Otro punto complicado que tratamos de recalcar en este ejercicio es que la peletización de CD NA se habla todos los días, pero no es necesariamente fácil. Y lo que hemos hecho en nuestro módulo es que hemos utilizado tubos especializados y reactivos de visualización. Por lo tanto, podemos reducir el ADN y se puede visualizar la apelación, lo que facilita las cosas tanto para los estudiantes como para los profesores.

Por lo tanto, se puede utilizar en todas las fases del trabajo de ADN y ARN después de su desarrollo. Este módulo realmente ha allanado el camino para que los profesores de los institutos de Bachillerato exploren, posiblemente observando otros organismos modelo u otros regímenes de tratamiento que puedan ser compatibles con los planes de estudio existentes o posiblemente con sus propios intereses de investigación.
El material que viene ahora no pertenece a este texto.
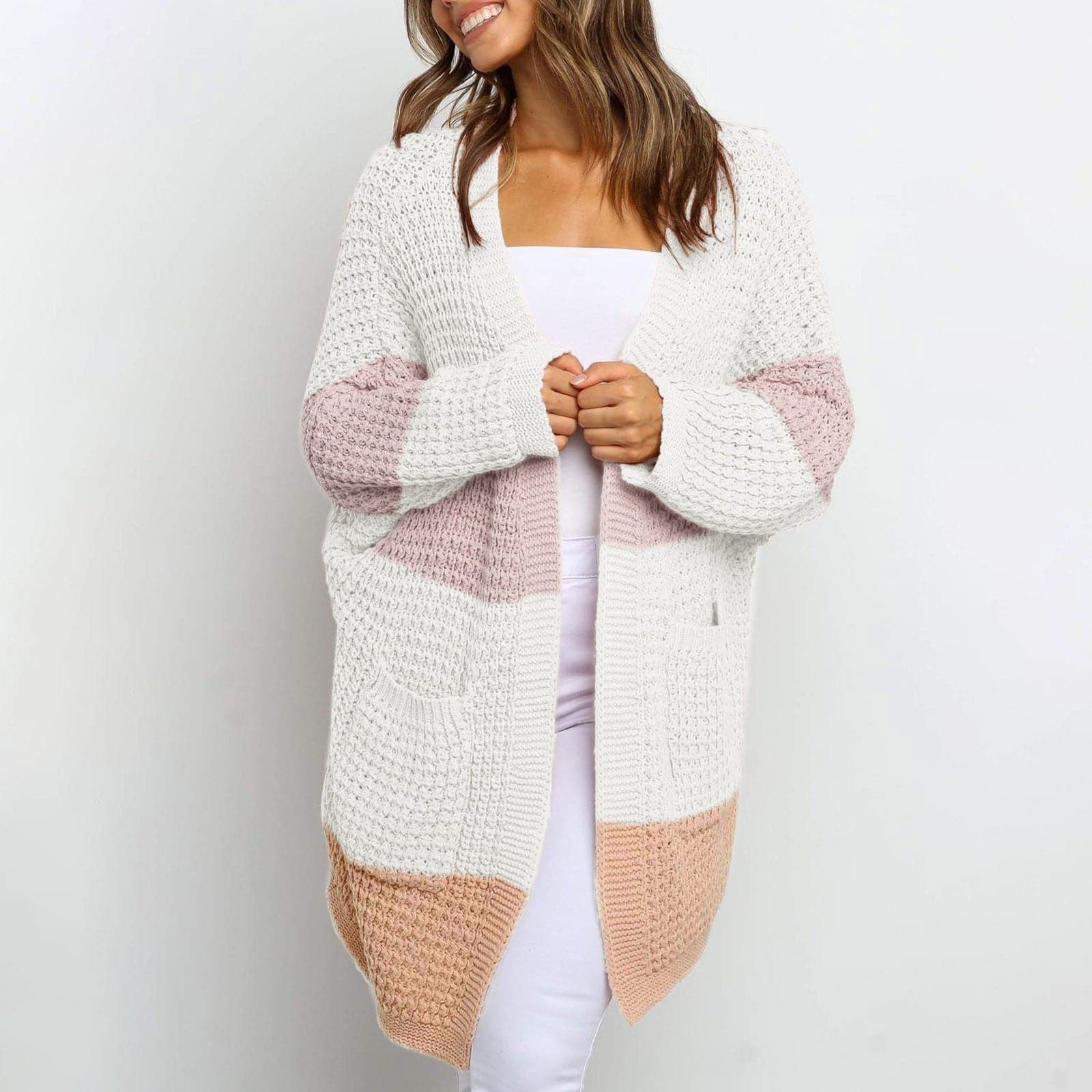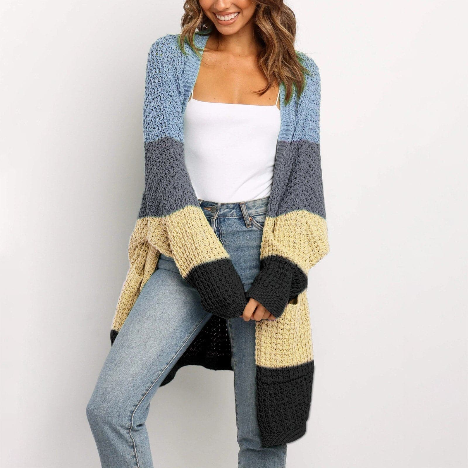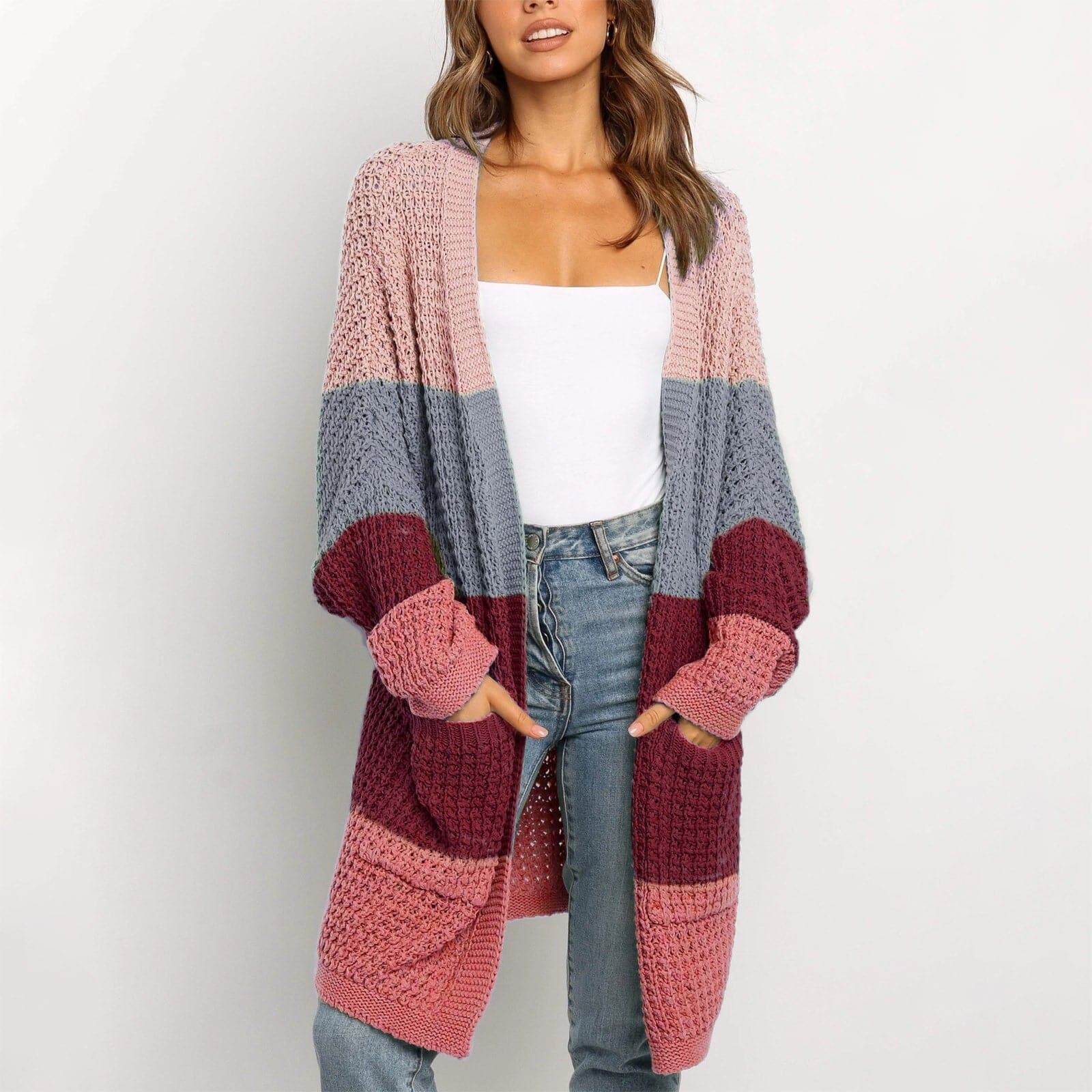 Tabea - Mehrfarbige weiche Strickjacke mit Seitentaschen

Y para dar un ejemplo de algunas de las modificaciones que se hicieron, había un sitio que había analizado los efectos del tratamiento con herbicidas en la levadura u otro que analizaba el tratamiento con LAMP IDE en levadura, mientras que otro sitio analizaba los cambios en el desarrollo de una línea celular de mamíferos en los que estaban particularmente interesados.

Y, por último, otro sitio había analizado el impacto de las fuentes de luz diferenciales en la arabidopsis o las plantas. Después de ver este video, debería tener una buena comprensión de cómo configurar un experimento de microrrayos con estudiantes de ciencias de pregrado, incluido el aislamiento del ARN total de la levadura, la generación de CDNA y la fragmentación de la biotina marcada con CRNA. Las experiencias prácticas con tecnologías de tan alto nivel ayudan a reforzar y fortalecer la educación científica de pregrado.